I’d like to say a few more words about the raging debate of fundamental vs technical analysis. While fundamental purists love to bash technical analysis, it is often that technical traders support fundamental moves. Let’s take a look at FE as an example.
FirstEnergy is an energy provider servicing the mid-west United States. After the crash of 2008 like almost every stock it went through a strong period of decline, but what’s different from other stocks is that it’s recovery starting failing at the end of 2009. Indeed it has gone back down to the lows of 2009 and is now pushing lower. A technical analyst would have seen trouble in this stock starting in February 2010 when it broke the support established in November 2009 and began what would be a strong move downwards.
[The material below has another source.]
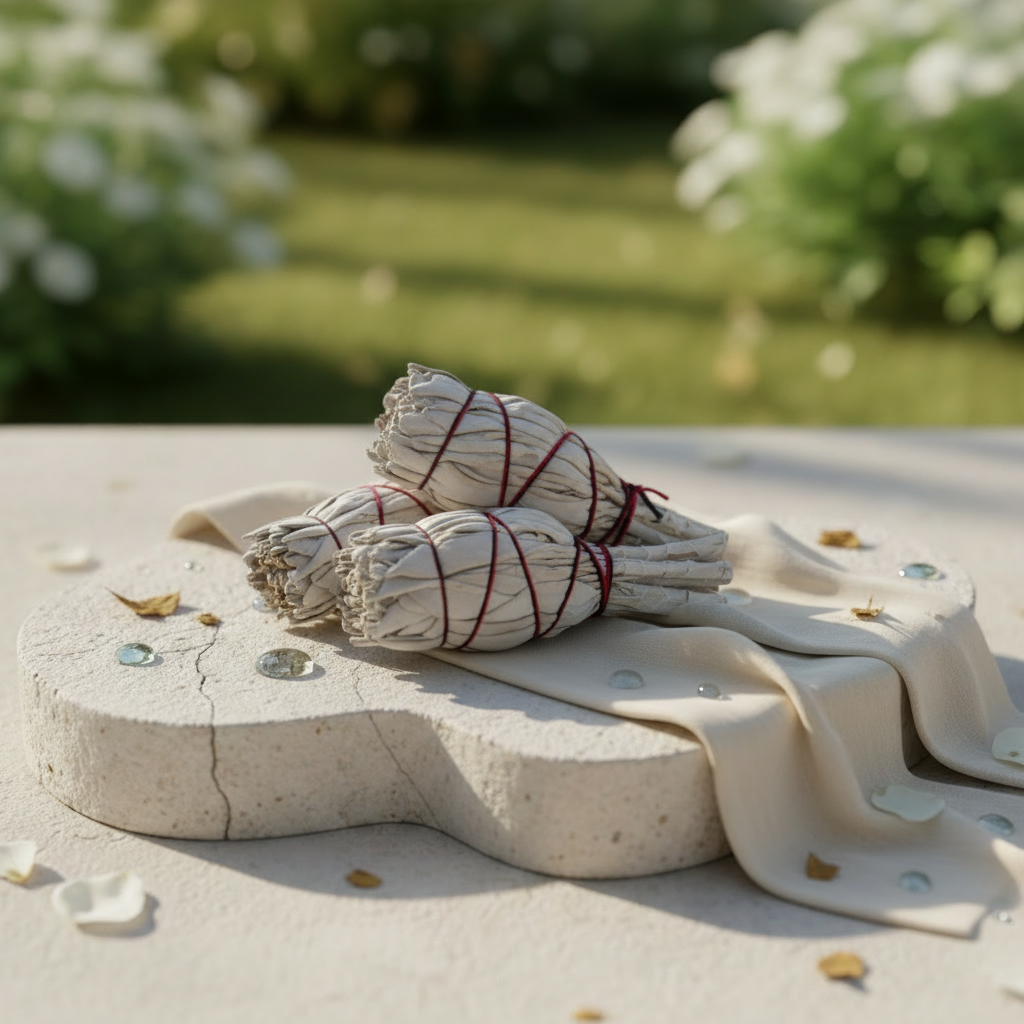 Weißer Salbei wächst hauptsächlich im sonnigen Kalifornien und ist eine der stärksten Pflanzen zum Reinigen und Segnen von Räumen, Lebewesen oder Gegenständen. Sein Duft ist eher streng. Doch unter den Ureinwohnern Nordamerikas gilt er als eine der wenigen Pflanzen, die reine positive Energie tragen. Deshalb wird er verwendet, um Böses abzuwehren und ein geklärtes Bewusstsein zu erzeugen. Oft wird er dem Westen zugeordnet, der Richtung der verehrten Ahnen, des Sonnenuntergangs und der spirituellen Ruhe des Abends.

During this exact time in February a big fundamental move occurred – FirstEnergy initiated a merger with Allegheny which caused an overnight drop of 5% in the stock price. This occurred 4 days after the breakdown of the aforementioned November support.
A week ago today the Motley Fool had an article detailing why FE could be a good short position. The article is found here. They list a high short interest ratio, low cash flow, high liabilities, and an overvaluation as the reasons for their call.
Whith FE trading well below both it’s 200 and 50 day moving averages with a strong monthly downtrend, it is looking like Motley Fool’s article is confirmed by technical analysis. It is a good example of how technical and fundamental analysis often go hand in hand. Alphatrend’s Brian Shannon put it best when he said that fundamental events often follow the prevailing trend (which a technical analyst would identify).
It is also of note that institutional trading usually is privy to better information than the general public, thus their moves would show up in the charts before the masses would learn about it.